Attributes attributes)

throws SAXException

SAX's startElement() has a parameter of type Attributes (pg. 279)

package org.xml.sax;

public interface Attributes

{

public int getLength ();

public String getQName(int index);

public String getURI(int index);

public String getLocalName(int index);

public int getIndex(String uri, String localPart);

public int getIndex(String qualifiedName);

public String getType(String uri, String localName); ß the promised type for an attribute

public String getType(String qualifiedName);

public String getType(int index);

public String getValue(String uri, String localName); ß the one we usually want

public String getValue(String qualifiedName);

public String getValue(int index);

}

This Attributes object contains a set of attributes of no particular order (an element has a set of attributes)

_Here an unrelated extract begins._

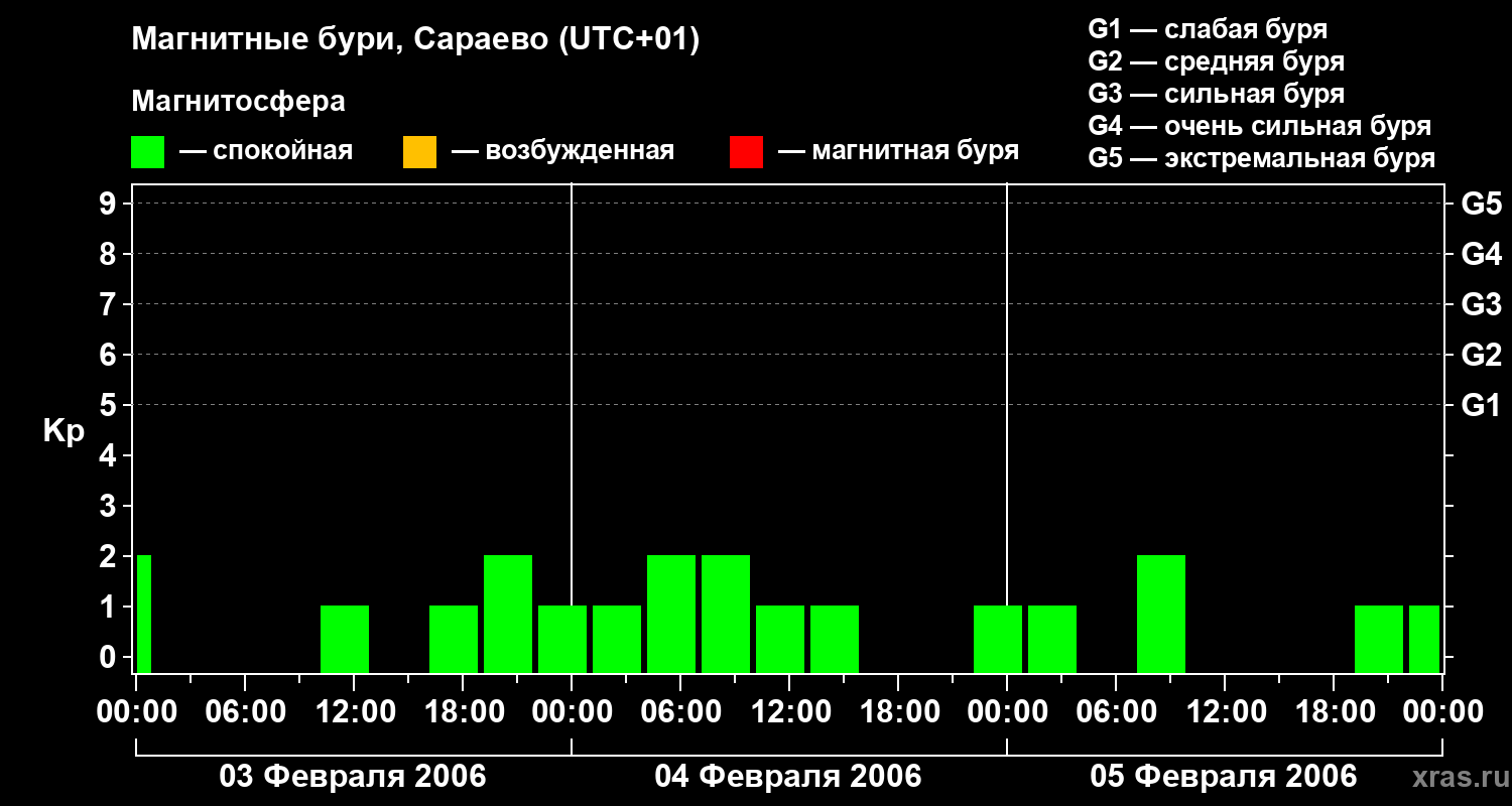 Изменения геомагнитного индекса Kp с 3 по 5 февраля 2006 года для средних широт

Still, individual attributes can be accessed by an index number in this representation, a somewhat surprising sytem.

We can use public String getValue(String uri, String localName) to search for the attributes we want, and get their values. This is foolproof, since the URI is a unique id of the NS.

One job of a parser is determining types of attribute values—see getType above. Clearly the parser needs access to a DTD or schema to do this right. It reports CDATA if it doesn’t know. See possible types on pg. 34. If an enumeration, the type is reported as NMTOKEN.

Recall from last week that an attribute usually belongs to no namespace and has no prefix, but is specified in the schema that goes with its element, unless it is a "global attribute" like those used by XInclude, that can be attached to any element, and does have a prefix, and is in its namespace. Clear?

When we use a global attribute, we always use a prefix. Recall that a default namespace only affects unprefixed element names.

Recall that XLink is a standard for linking an xml document element to other internet resources (like an html link). Here is an example from page 281. As in the case of the example from pg. 31, we can drop the xlink:type attribute since it turns out not to be in use today (at least in SVG)

<magazine xmlns:xlink=http://www.w3.org/TR/1999/xlink

~~xlink:type="simple"~~ xlink:href="http://www.thenation.com/"> <!—crossed-out part needs to be dropped -->

The Nation

</magazine>

Element name magazine is defined in some application namespace, and the magazine element has an XLink to that magazine’s website.

xmlns:xlink = … shows the URI for the XLink namespace, and its prefix (xlink) in this doc

href is a name in the XLink namespace, (and a global attribute by the XLink schema)

xlink:href is a qualified name, or qname

the attribute value is http://www.thenation.com/, the URL we want to follow

Example 6.9, page 281, is a spider program than crawls an xml document's XLinks, and so must find and process the href attributes in the document, then any href attributes in the linked document, and so on, assuming the linked documents are in XML.

How should one go about finding the links, i.e. those particular attributes? The first thought is to search for attributes with qualified name "xlink:href", but the prefix is arbitrary (except in cases ruled by DTDs), and the local name "href" might belong to another namespace

For a certain element, there is only one instance of an attribute with a specific local name and a specific URI—that’s the best way to identify what we want. We want to determine the string value of this attribute, to get the URL to follow in the spider operation.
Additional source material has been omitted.